Явилась Адель, с маслом на четыре су, запрятанным под передник, потому что г-жа Жоссеран велела ей никогда не показывать купленную провизию. Лиза полюбопытствовала, что там у нее, затем в сердцах обозвала Адель растяпой. Кто же это спускается с лестницы из-за масла на четыре су! Ну нет! Она бы заставила этих скупердяев кормить ее получше, а не то сама наедалась бы раньше их, да, да, маслом, сахаром, мясом, всем. С некоторых пор служанки подбивали Адель таким образом к бунту, и она уже начала развращаться. Отломив кусочек масла, она тут же съела его, чтобы выказать перед ними свою смелость.

— Пойдем наверх? — спросила Адель.

— Нет, — сказала вдова, — я хочу посмотреть, как его понесут вниз.

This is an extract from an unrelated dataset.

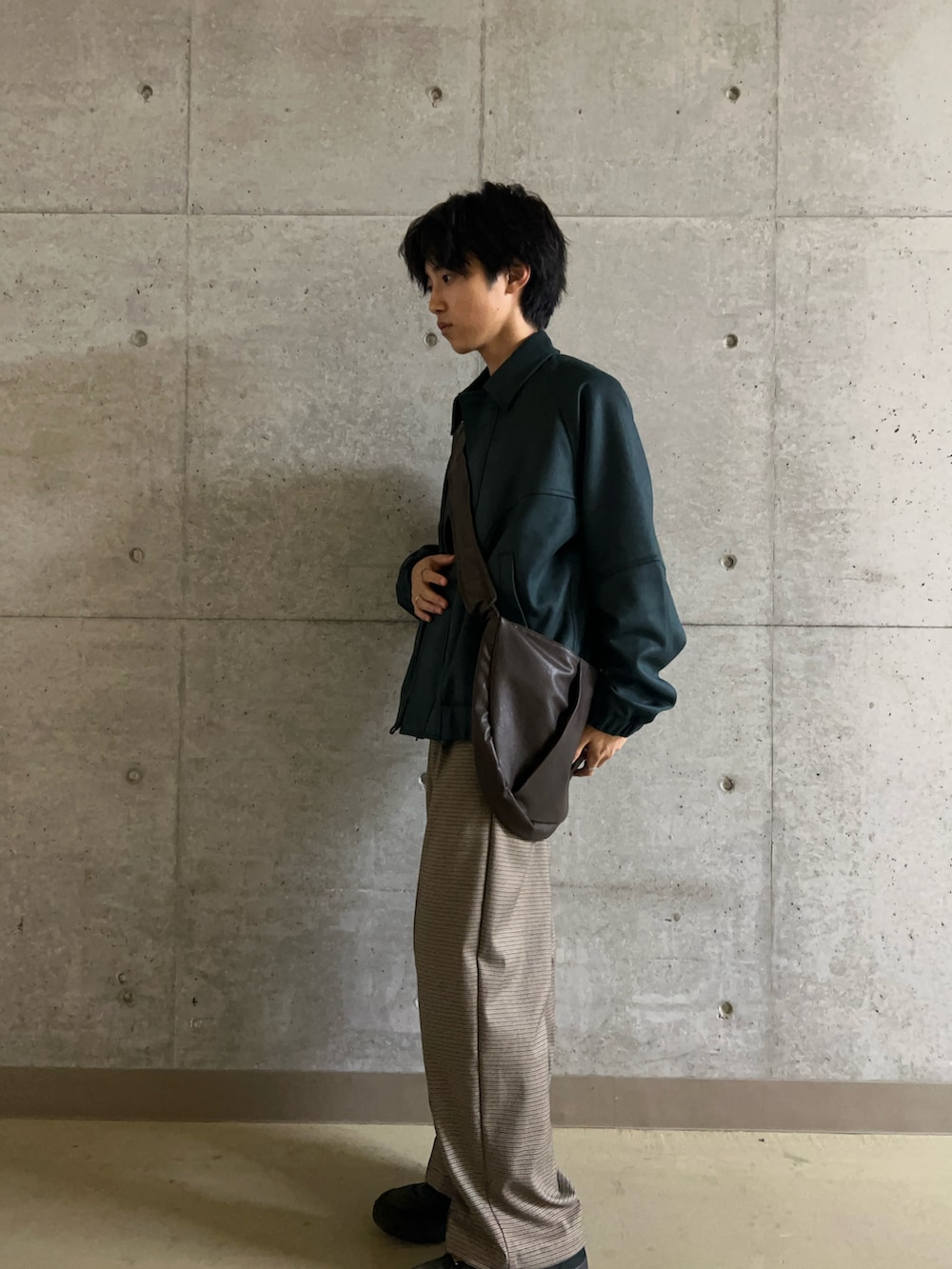 今回はトップスはシンプルなニットとスエード感のあるブルゾンを着用することで、洗練された雰囲気を出しつつ、パンツでブラウンのチェック柄を使うことで少しカジュアルな要素も入れてみました!ブラウンのショルダーバックを使うことでより秋っぽいコーデになったと思います!ぜひ試してみてください!

Я нарочно отложила на это время одно дело, с которым меня посылают.

— Я тоже, — добавила Лиза. — Говорят, он весит чуть не сто кило. Если они уронят его на своей роскошной лестнице, они ее здорово испакостят.

— А я пойду наверх, лучше уж мне его не видеть… — снова заговорила Адель. — Нет, спасибо! Еще мне опять приснится, как прошлой ночью, что он тащит меня за ноги и мелет всякие глупости, будто я развожу грязь.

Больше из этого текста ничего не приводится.